Hi, I am trying to write the stan file for robit model which is a probit model that uses student_t_cdf instead of normal cdf.

My code works fine but since it is very slow, I tried to use vectorization.

It doesn’t work for some reason.

Can I not use vectorization for student_t_cdf?

Here is my code that works fine.

data {
int<lower=0> N; // number of obs
int<lower=0> K; // number of predictors
int<lower=0,upper=1> u[N]; // outcomes
matrix[N, K] v; // predictor variables
}
parameters {
vector[K] beta; // beta coefficients
real<lower=1> df;
}
model {
vector[N] mu;
beta ~ normal(0, 10); // normal priors for betas
df ~ gamma(2, 0.1);
mu = v*beta;
for (n in 1:N) mu[n] = student_t_cdf(mu[n], df, 0, 1);
u ~ bernoulli(mu);
}

And this is the vectorization code that I tried.

data {
int<lower=0> N; // number of obs
int<lower=0> K; // number of predictors
int<lower=0,upper=1> u[N]; // outcomes
matrix[N, K] v; // predictor variables
}
parameters {
vector[K] beta; // beta coefficients
real<lower=1> df;
}
model {
vector[N] mu;
beta ~ normal(0, 10); // normal priors for betas
df ~ gamma(2, 0.1);
mu = v*beta;
mu = student_t_cdf(mu, df, 0, 1);
u ~ bernoulli(mu);
}

And this is the error message I get.

SYNTAX ERROR, MESSAGE(S) FROM PARSER:

base type mismatch in assignment; variable name = mu, type = vector; right-hand side type=real
error in ‘model276074a12540_robit’ at line 16, column 7

14:   df ~ gamma(2, 0.1);
15:   mu = v*beta; 
16:   mu = student_t_cdf(mu, df, 0, 1);
          ^
17:   u ~ bernoulli(mu);

PARSER EXPECTED:
Error in stanc(file = file, model_code = model_code, model_name = model_name, :
failed to parse Stan model ‘robit’ due to the above error.
In addition: Warning message:
In readLines(file, warn = TRUE) :
incomplete final line found on ‘C:\Users\g1310\Desktop\Stan\robit.stan’

Or is there any other way that I can speed up my model?


#2

The student_t_cdf outputs a scalar number (the product of the CDFs when the input is a vector).

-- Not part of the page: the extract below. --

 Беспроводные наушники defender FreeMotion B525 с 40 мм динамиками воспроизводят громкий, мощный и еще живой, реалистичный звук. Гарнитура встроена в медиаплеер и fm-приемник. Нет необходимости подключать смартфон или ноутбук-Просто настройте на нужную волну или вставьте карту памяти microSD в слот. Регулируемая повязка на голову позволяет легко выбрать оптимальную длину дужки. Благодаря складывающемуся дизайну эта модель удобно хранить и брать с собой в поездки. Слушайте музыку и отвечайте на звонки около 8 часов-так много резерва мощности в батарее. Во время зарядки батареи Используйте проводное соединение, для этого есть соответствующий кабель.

Even if there were a version of the Student t CDF that input a vector and output a vector, it would entail the same loop in C++ as the one you wrote, so there would be no difference in execution speed; just less typing.

Models like this are slow because estimating the degrees of freedom is hard. Unless you really think a Cauchy is possible, you often get better results by bumping the lower limit on df up a bit.